Currently, loading a document into a DOM and then saving it does not exactly preserve the source. This leads to a number of bugs, including bugs like bug 129508 where valid HTML gets converted to invalid HTML. There are three kinds of source text: text that consitutes the opening of a tag, text that constitutes the closing of a tag, and text that is neither ("the content"). We already try to preserve the content text exactly. We don't preserve tag-opening or tag-closing text, but we should. If we did, we could roundtrip documents through the DOM and preserve a lot more of the exact source text. The proposal, then, is to AS AN OPTION store two additional strings in each DOM node corresponding to a tag: the string that constituted the opening of the node's tag, and the string that constituted the closing of the node's tag (or an empty string if there was no closing tag). Any operation that changes the attributes of the node can simply discard the string annotations. During serialization we output these strings in lieu of the standard generated open/close sequences (if present). If leading or trailing whitespace is treated as part of an open-tag or close-tag sequence, that whitespace will need to be included in the open-tag or close-tag string.

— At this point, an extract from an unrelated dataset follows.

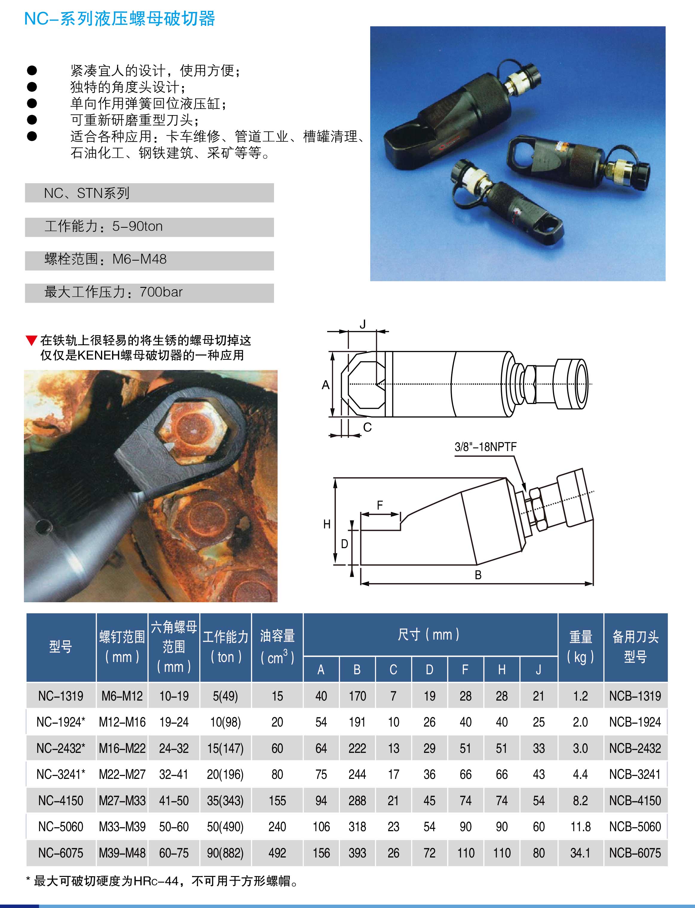 工業(yè)生產(chǎn)中廣泛使用的螺栓帽(螺母)在露天高溫或腐蝕性環(huán)境中,有的被銹蝕咬死,有的由于被砸碰而絲扣受損,總之,出現(xiàn)問題,要拆卸螺母是非常困難的,以往的做法通常是利用(氣)焊將螺帽和螺栓一齊割掉,然而在一些特殊工況環(huán)境中,有時嚴(yán)禁動用火(電)焊操作,如發(fā)電廠的煤粉 倉、油管道高壓高溫管路等處,要更換螺母螺栓就更讓人束手無策,液壓螺母破切器可以不動火、不用電,不損傷螺栓絲扣,簡便、快捷、安 全、高效地解決螺栓螺母的拆卸和更換難題。

*** Bug 155474 has been marked as a duplicate of this bug. ***
I like this idea. I think we should use it for the editor. (We shouldn't use it for the normal browser's save page feature, because that should just use the cached copy.)
The only way I can see this being done is to add a hash (global or per document) that mapps content element to start tag string (I don't see why we'd need to store the end tag as a string, just storing a bit that says whether there was one or not should be enough, no?), and does so only when parsing for the editor. The tricky part here is to make us not pay a performance hit on mutation of an element in the case where we didn't build the DOM for the editor.
> (I don't see why we'd need to store the end tag as a string, just storing a bit > that says whether there was one or not should be enough, no?) I'm told that there are, in fact, many ways to write the end tag. If we can steal a bit or two in the DOM node, then we can test that bit during mutation and take the slow path only if the bit is set.
The editor isn't the only case where we serialize DOM output to html. We also do on Save As (complete) from the browser. Are we going to accept the loss of this extra information in that case?
Save As Complete already screws the documents in many ways, we don't need to worry about round-tripping in that case.
... and we will *not* pay the overhead of holding the start tag as a string in memory for every document we load.
I'm working on making room for bits for this in our elements...
Bug 156364 will make it possible for someone (read "not me") to fix this.
Mass-reassigning bugs to firstname.lastname@example.org